■ WHAT YOU ARE ASKED TO DO:
All of the data that follows should be given again exactly, without its images.

====== INFORMATION SUPPLIED ======

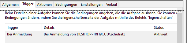 Die Aufgabenplanung braucht Unterstützung von einer cmd/bat-Datei, um sicherzustellen, dass das Backup nur einmal täglich ausgeführt wird.
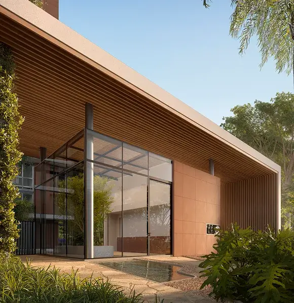 paisagismo exuberante, esquadrias amplas, materiais nobres e design sofisticado.
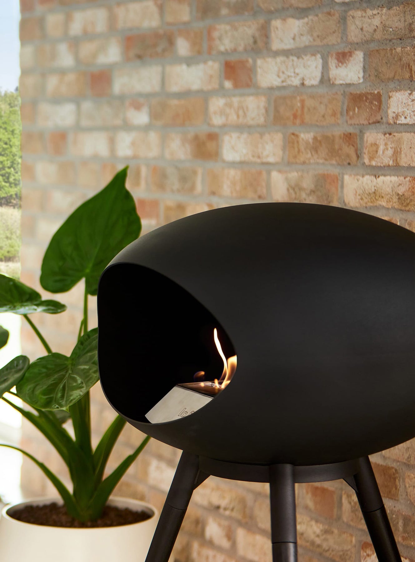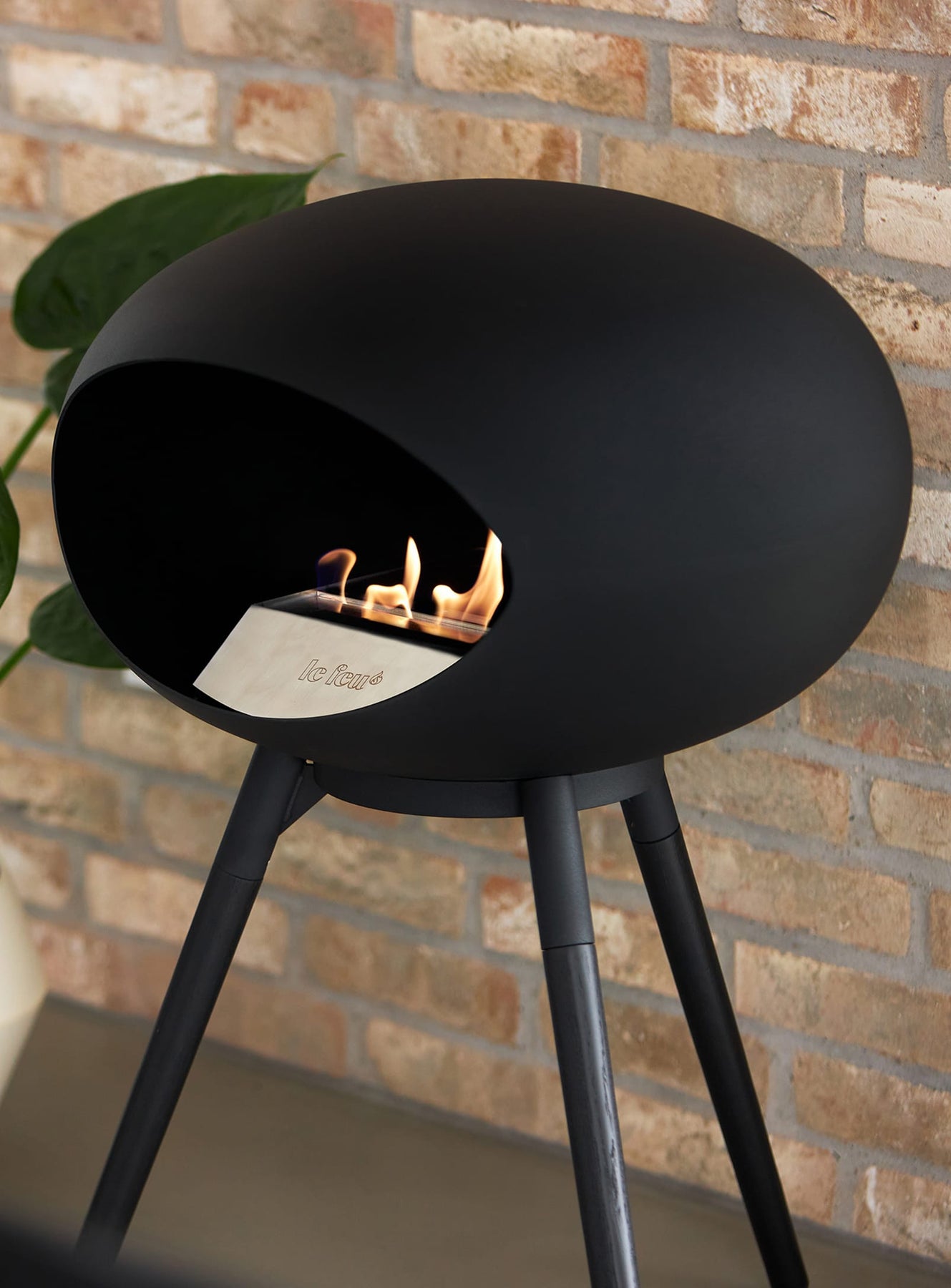 Le Feu High Dome en noir : cheminée autoportante au style raffiné et sobre.

======

■ EXPECTED OUTPUT:
 Die Aufgabenplanung braucht Unterstützung von einer cmd/bat-Datei, um sicherzustellen, dass das Backup nur einmal täglich ausgeführt wird.
 paisagismo exuberante, esquadrias amplas, materiais nobres e design sofisticado.
 Le Feu High Dome en noir : cheminée autoportante au style raffiné et sobre.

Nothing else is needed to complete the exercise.